Guest Author - Jim Lowrance
I just completed the reading of a wonderful book on the subject of hypothyroidism by “C Phillips and D Roach”, twin sisters, who developed hypothyroidism during childhood and have now entered the age of their 40s (born in 1968). The book is entitled; “Hypothyroidism in Childhood and Adulthood”.
These two women have kept diaries since youth, detailing their hormone therapy treatments for hypothyroidism and their information in my opinion should be used by medical research groups in studying and improving thyroid hormone replacement therapy for hypothyroid patients, both youths and adults.
When these women were young girls, they were treated with synthetic T-4 hormone replacement and dosed with the medication, to suppress their TSH levels. Thyroid Stimulating Hormone (TSH) is the pituitary hormone that reflects thyroid hormone levels and decreases to a lower level when thyroid hormone levels increase in the body. Their treatment as youths placed their TSH levels at undetectable levels but at the same time, greatly relieved their hypothyroid symptoms. This is supposed to be the goal of treatment however, during a blood retest of their TSH, a treating GP decided to reduce their dose out of fear that their suppressed TSH levels reflected the possibility that they would experience osteoporosis (a possibility with over-treatment). This dose change at youth began an incredible journey for both of these girls.
Following their dose decrease, they fell into severe hypothyroid symptoms but were told the symptoms were actually from the need for that dose decrease. When the symptoms were not relieved after several months, the girls insisted upon reevaluation of their treatment. Their symptoms had become so, severe as to make them disabled and also required that they see other specialized doctors for severe joint pain (mainly in their arms, hands and backs). A new private doctor they were referred to at one point increased their thyroxine/T-4 level but to a level still below the dose-level that brought them much better symptom relief. Their doses were eventually returned to that original level but unlike the results they had at their earlier ages, at the hands of a pediatrician they did not experience significant symptom relief of their hypothyroidism although they were much improved. Their newer treating doctor began a trial of T-3 therapy (triiodothyronine), added to their T-4 and began to wean them off the T-4, eventually replacing them with T-3 only. The girls again experienced a significant degree of symptom relief but were still in need of much more improvement from their hypothyroid symptoms.
The girls who became women, were eventually administered a combination T-3 and T-4, hormone replacement medication, porcine derived (processed pig thyroid glands), called “Armour Thyroid”. This is in fact the brand of thyroid medication I take and they saw the most significant relief of their hypothyroid symptoms since childhood. I take from their final chapters of their book that they still have room for improvement but they have regained much of the activities important to life. Both of them have also achieved Bachelor Degrees of Science and are now better able to attend family events and live more satisfying lives since experiencing their much-needed improvement. You’ll note in some of my own articles, I point out the fact that some patients see more improvement on T-3/T-4 combination hormone therapy and this book is another confirmation of that.
This book is greatly interesting and the ladies have photographs included in the book, showing the difference between the girls, when one first experienced hypothyroidism, before the other. The stunted growth this caused in the twin that first became ill is remarkable but this twin caught up with her sister in development, once treated with thyroid hormone therapy. They also include symptom and lab test graphs that detail their treatments over the years.

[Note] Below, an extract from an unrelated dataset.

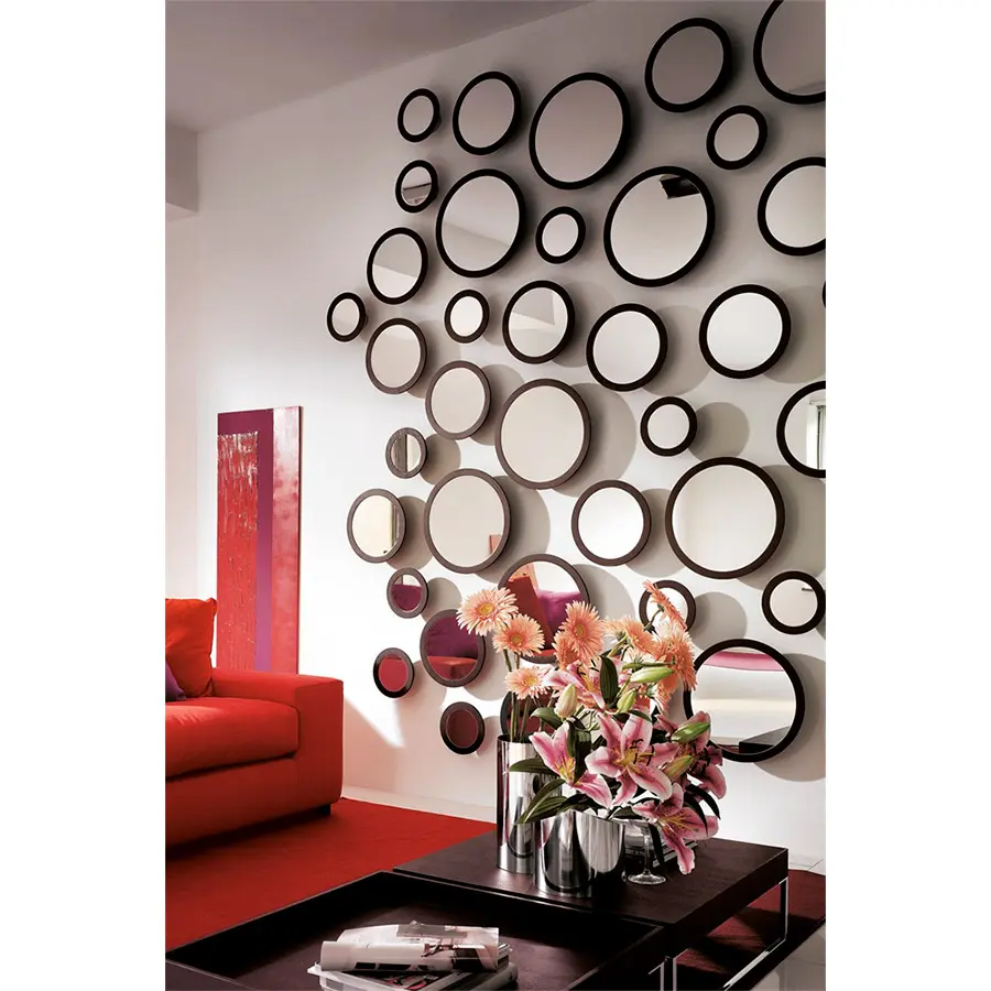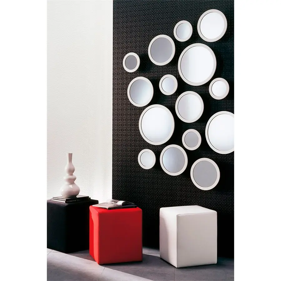 Stars cuenta con distintos diámetros para hacer composiciones y no solo ser utilizados como espejos, son elementos completamente decorativos. El marco puede ser nogal teñido, en pan de oro, plata..
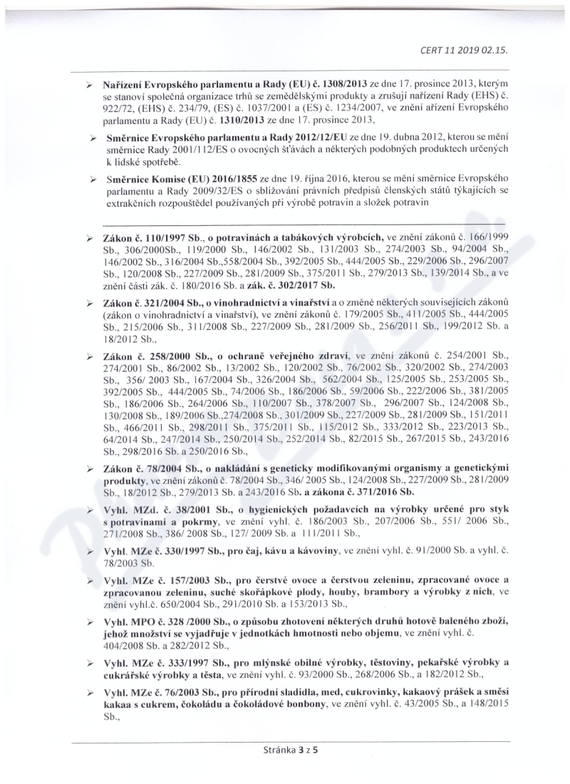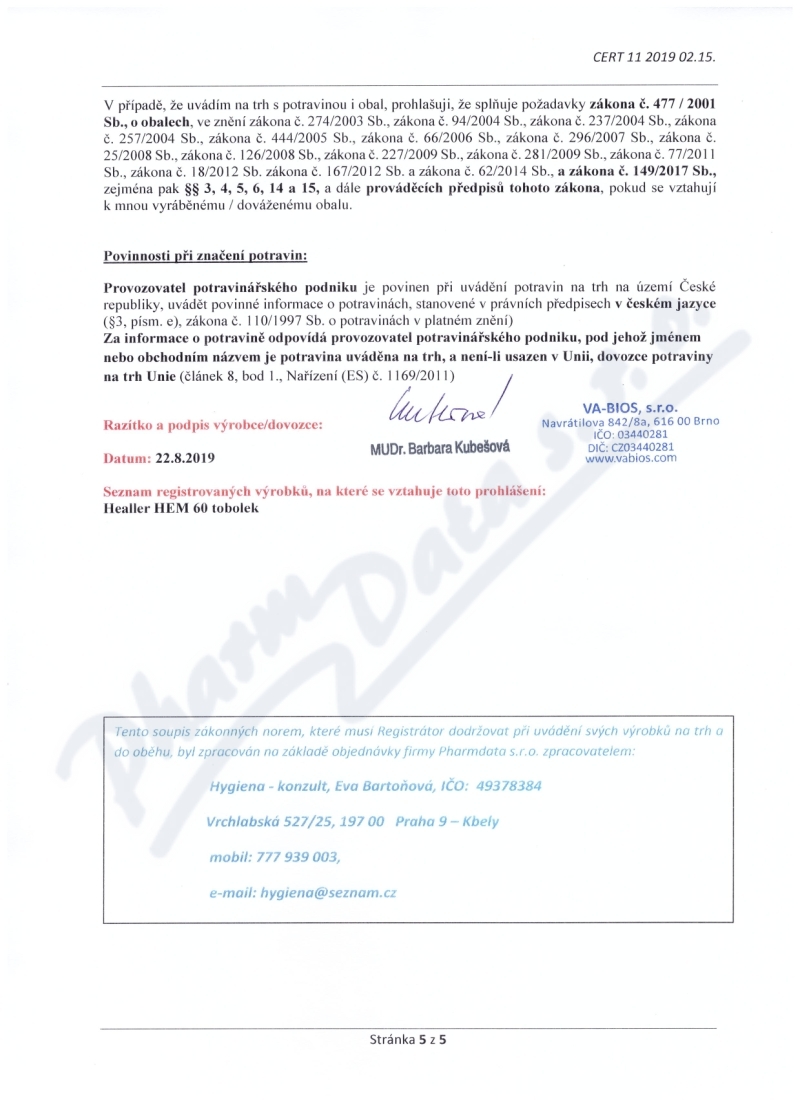 osvědčení hlavního hygienika

I commend these women for a book that so intelligently details the treatment of their hypothyroidism and how they detail much of this in a medical study type format. I feel the important message this book sends includes the importance in doctors not treating patients using the TSH-only test. I also believe it conveys the importance in doctors not overreacting to possibilities such as the development of osteoporosis from over-treatment because this can be monitored (as it was in their case) using lab testing as well. If patients are experiencing significant symptom relief their thyroid hormone dose should not be adjusted with decreases in dose unless absolute proof of over-treatment is presented. An imbalance caused by radical dose changes, can cause an imbalance that is ongoing and not easily correctable.
This book is a great read for thyroid patients and doctors alike!